The company is also looking into the possibility that Credit Suisse may be held accountable for misselling due to claims made to investors, particularly in a presentation to investors in March.


On Wednesday in the afternoon, Pallas Partners also conducted a call with prospective clients. There is "a very good argument that misrepresentations and misstatements have been made about the financial safety of Credit Suisse as recently as 14 March," according to Natasha Harrison, the firm's founding partner.


This week, after Credit Suisse's largest investor said he would not provide additional capital and rich clients withdrew SFr35 billion in deposits, the price of its AT1 bonds began to fall.

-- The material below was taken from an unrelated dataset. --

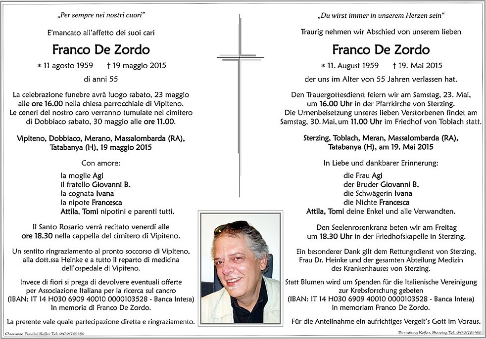 Statt Blumen wird um Spenden für die Italienische Vereinigung zur Krebsforschung gebeten (IBAN: IT 14 H030 6909 40010 0000103528 - Banca Intesa)

Global distressed funds spotted a chance and invested in some of the riskiest debt, betting that the government would prevent the collapse of its second-largest institution and instead negotiate a merger with UBS, a competitor.


Although the AT1 bonds issued by Credit Suisse included a clause warning that Swiss authorities "may not be required to follow any order of priority," a number of investors and analysts have contended that the clause's requirements were not followed.


The prospectus defines a "viability event" as when "customary measures" to increase the bank's capital adequacy are "inadequate or unfeasible" or the institution receives "an irrevocable commitment of extraordinary support from the public sector" to maintain its capital level. Typically, AT1s can only be triggered in these situations.


This Monday, the Swiss government said that a change in the law had provided them a "clearer legal basis" for cancelling the bonds.


Pimco, Invesco, BlueBay and Legg Mason are among the longer-term holders of Credit Suisse’s AT1 bonds.


According to a person familiar with the situation, Minnesota-based Värde Partners, a well-known alternative credit investor, had a tiny investment in AT1 bonds going into the fateful weekend.


A wider sell-off in AT1 debt has had a significant negative impact on funds managed by Algebris Investments, Lazard, and GAM, among other fund managers.


An iBoxx index of this type of debt shows that AT1s dropped as much as 19.5% in the month up through the end of Monday, but they have subsequently gained some ground.


On Monday, the Lazard Capital Fi fund, which invests in AT1s like Credit Suisse, lost 9%, bringing its monthly losses to 17.3%.